Instructions for the task → Set the whole listing down again, word for word, with no pictures.

Recorded information →
·····

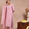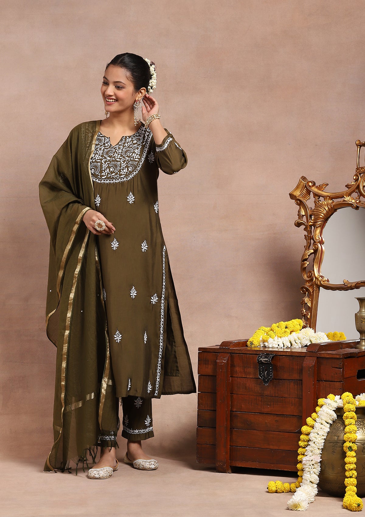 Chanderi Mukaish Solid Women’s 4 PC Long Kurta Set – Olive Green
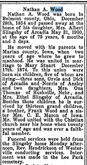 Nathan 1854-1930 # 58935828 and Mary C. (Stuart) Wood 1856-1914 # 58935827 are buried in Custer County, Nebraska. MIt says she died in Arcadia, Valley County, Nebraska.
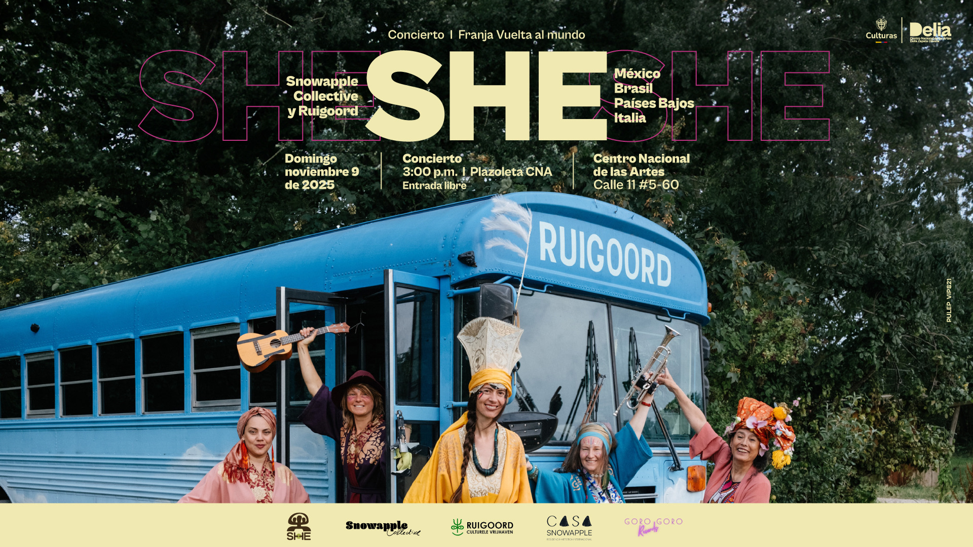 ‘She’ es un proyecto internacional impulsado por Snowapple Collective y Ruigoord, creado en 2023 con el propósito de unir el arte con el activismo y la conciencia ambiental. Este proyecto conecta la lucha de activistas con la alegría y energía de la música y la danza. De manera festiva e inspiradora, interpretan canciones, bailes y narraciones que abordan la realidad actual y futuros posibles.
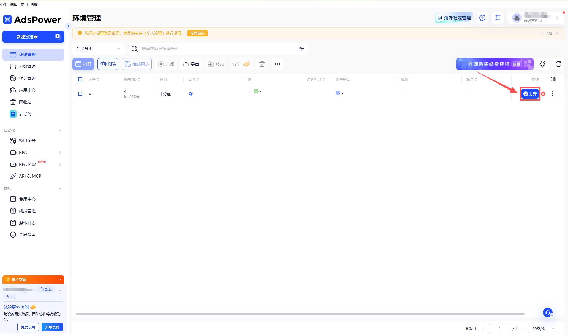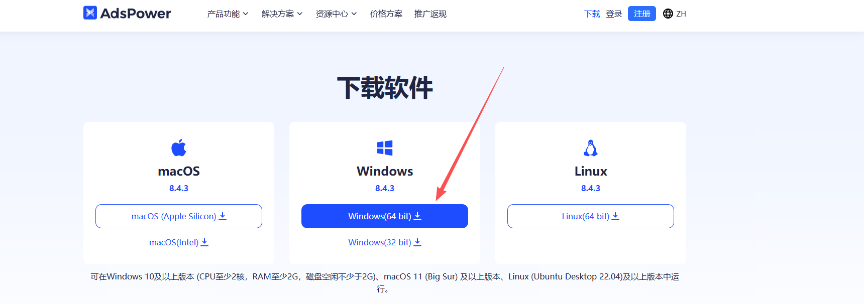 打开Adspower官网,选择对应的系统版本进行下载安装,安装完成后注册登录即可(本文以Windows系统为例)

·····

Solution to the exercise →
 Chanderi Mukaish Solid Women’s 4 PC Long Kurta Set – Olive Green
 Nathan 1854-1930 # 58935828 and Mary C. (Stuart) Wood 1856-1914 # 58935827 are buried in Custer County, Nebraska. MIt says she died in Arcadia, Valley County, Nebraska.
 ‘She’ es un proyecto internacional impulsado por Snowapple Collective y Ruigoord, creado en 2023 con el propósito de unir el arte con el activismo y la conciencia ambiental. Este proyecto conecta la lucha de activistas con la alegría y energía de la música y la danza. De manera festiva e inspiradora, interpretan canciones, bailes y narraciones que abordan la realidad actual y futuros posibles.
 打开Adspower官网,选择对应的系统版本进行下载安装,安装完成后注册登录即可(本文以Windows系统为例)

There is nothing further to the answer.